The O&M cost component Uncertainty in the power market and large fluctuations in fuel prices create additional challenges for power plant investors. A power plant with a long-term Power Purchase Agreement (PPA) originally designed to run in baseload mode can easily find itself becoming a peaking plant if,
for example, fuel prices increase or if additional power with lower operating costs,such as hydropower, becomes available. The move from baseload to peaking could have a substantial influence on the O&M cost, especially in the case of a CCGT.
In the LCC calculations above, we have assumed that the O&M cost is EUR 4 per MWh for the CCGT. If a plant is operating in peaking mode with frequent starts and stops, most CCGTs would have to reduce the time between overhauls, as their equivalent operating hours increase, leading to higher O&M costs. If we assume that the O&M cost in our example case increases from EUR 4 to EUR 6 per MWh due to the daily start and fast ramping up time, the LCC will increase by EUR 14 million for the CCGT. As the Wärtsilä solution is designed for flexible operation, no additional costs will occur from such varying dispatch patterns.
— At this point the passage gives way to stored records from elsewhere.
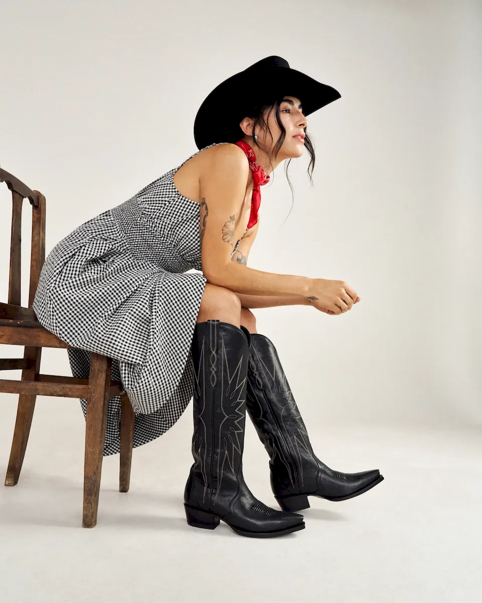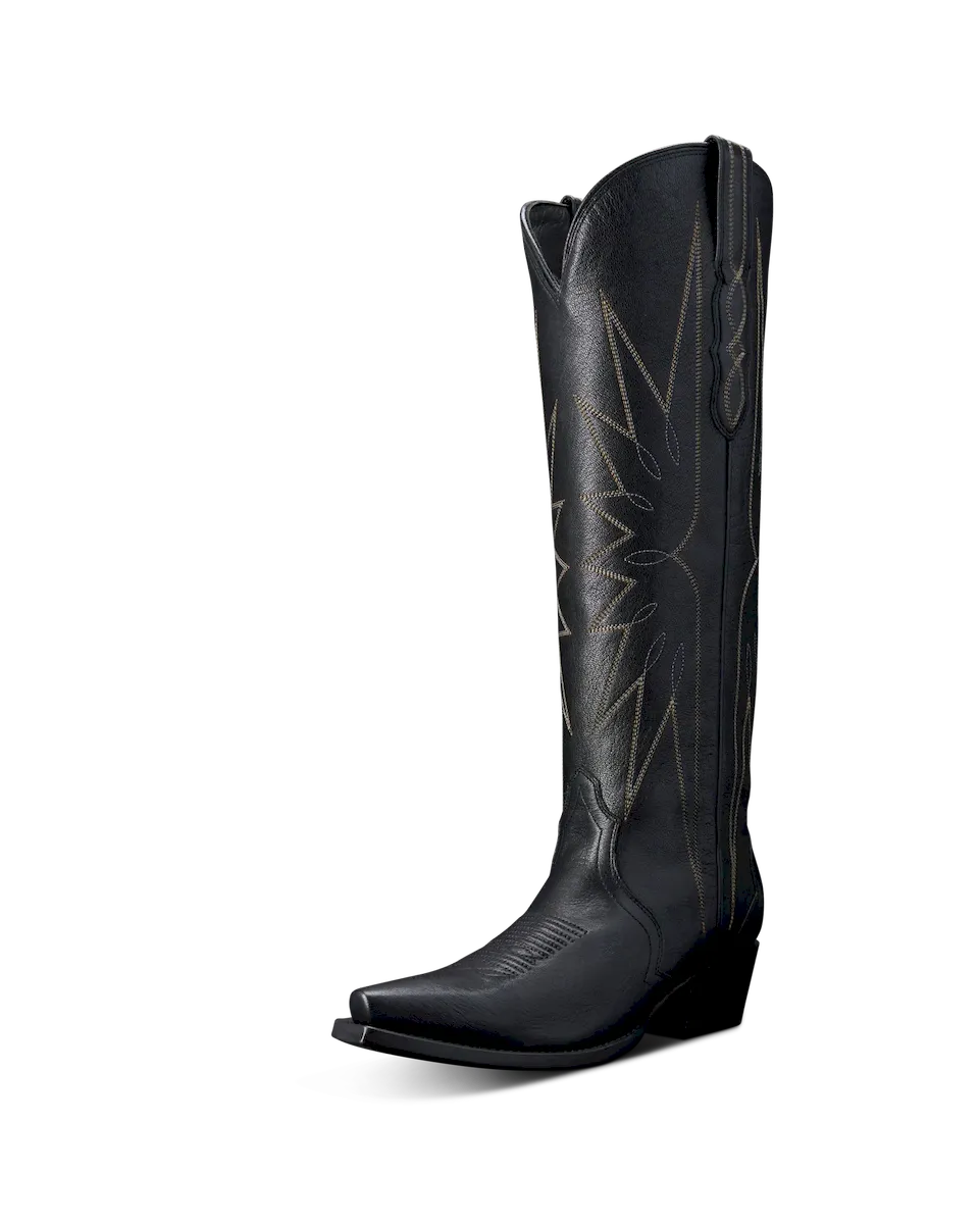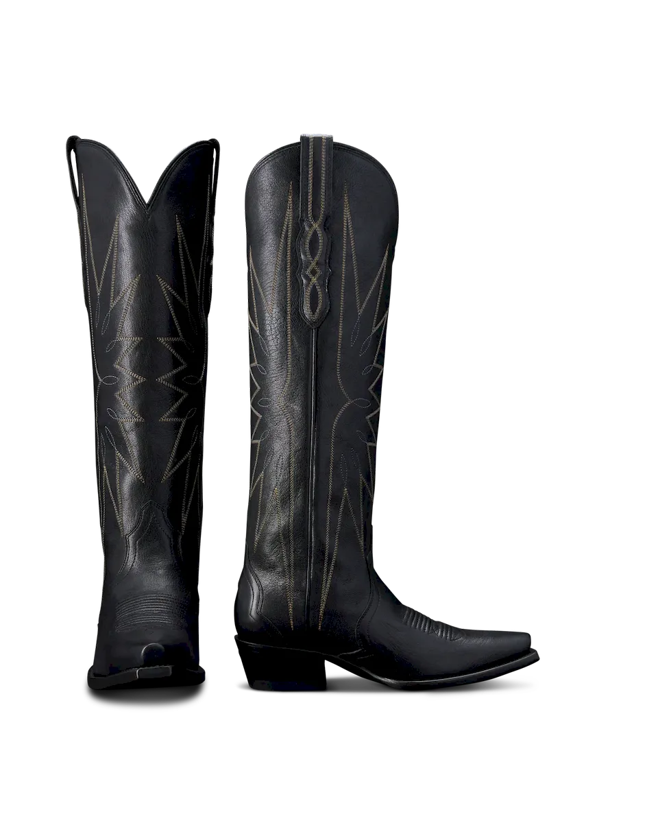 A tall showstopper, The Loretta features an intricately stitched 17” shaft with hung leather lining and a streamlined modern profile that’s made to be shown off. A 1 ¾” stacked leather heel and snip toe ensure comfort doesn’t take a backseat to looks, and our signature toe bug takes it all the way West.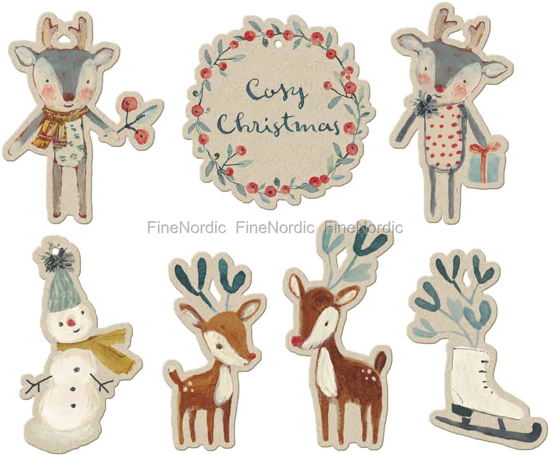 Befestigen Sie einen dieser hübschen Maileg Geschenkanhänger an einem schön verpackten Weihnachtsgeschenk, sodass jeder am Weihnachtstag weiß, für wen das Geschenk bestimmt ist. Die Cosy Christmas Geschenkanhänger sind im 14er-Set mit 7 verschiedenen Motiven erhältlich, von denen eines bezaubernder aussieht als das andere. Die Motive bestehen aus 2 verschiedenen Rentieren und 2 verschiedenen Rehen, einem Schlittschuh, einem Schneemann und einem Cosy Christmas Weihnachtskranz. Schreiben Sie einfach Ihr Für und Von auf die einfarbigen Rückseite des Geschenkanhängers und befestigen Sie ihn am Weihnachtsgeschenk. Die Cosy Christmas Geschenkanhänger von Maileg werden in einer kleinen Plastiktüte geliefert und es gibt von jedem Motiv je zwei Stück. Schauen Sie sich gerne mal all die weihnachtlichen Maileg Produkte an, die wir in unserem Webshop anbieten. Maileg macht Weihnachten einfach noch viel schöner.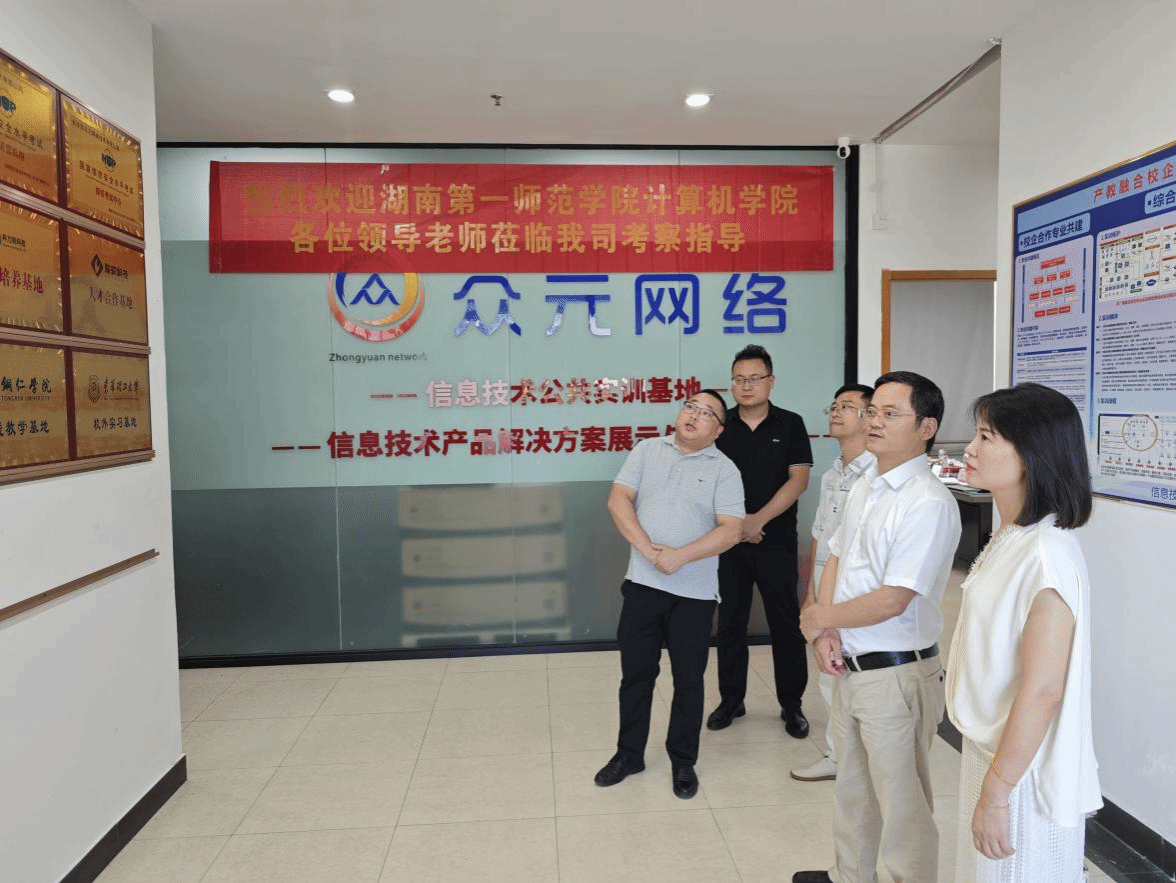 7月1日,bevictor伟德官网经理杨恒伏、公司党委副书记陈奕及专业老师叶君炎辅导员汤艳一行,前往长沙众元网络有限公司走访看望“新工科新航向梦之队”暑期“双百行”实践团众元分队员工。

CONCLUSIONThis article has merely scratched the surface of the concept of lifecycle costs, and each case is unique and should be calculated based on the criteria applicable to that specific case. It should also be noted that in this example case we compared a simple
cycle solution to a combined cycle solution. In a future number of In Detail we will return to the topic of lifecycle costs comparing gas engine and gas turbine based combined cycles. The characteristics of such an evaluation differ somewhat from the ones applicable to this article.
In summarising the findings, we saw that by simply adding ambient conditions like temperature and altitude, ageing, and some corrections for starts and stops, part load operation and equivalent operating hours, the LCC gap between the two competing solutions vanished. In the end the LCC for the CCGT was EUR 453 million, and 436 million for the Wärtsilä solution, a difference of EUR 19 million in favour of Wärtsilä. If the plant is used for frequent load following, if fast start capability is valued higher than merely the alternative cost of electricity, if availability and reliability are important issues, then the Wärtsilä simple cycle solution will end up being the superior choice for the customer.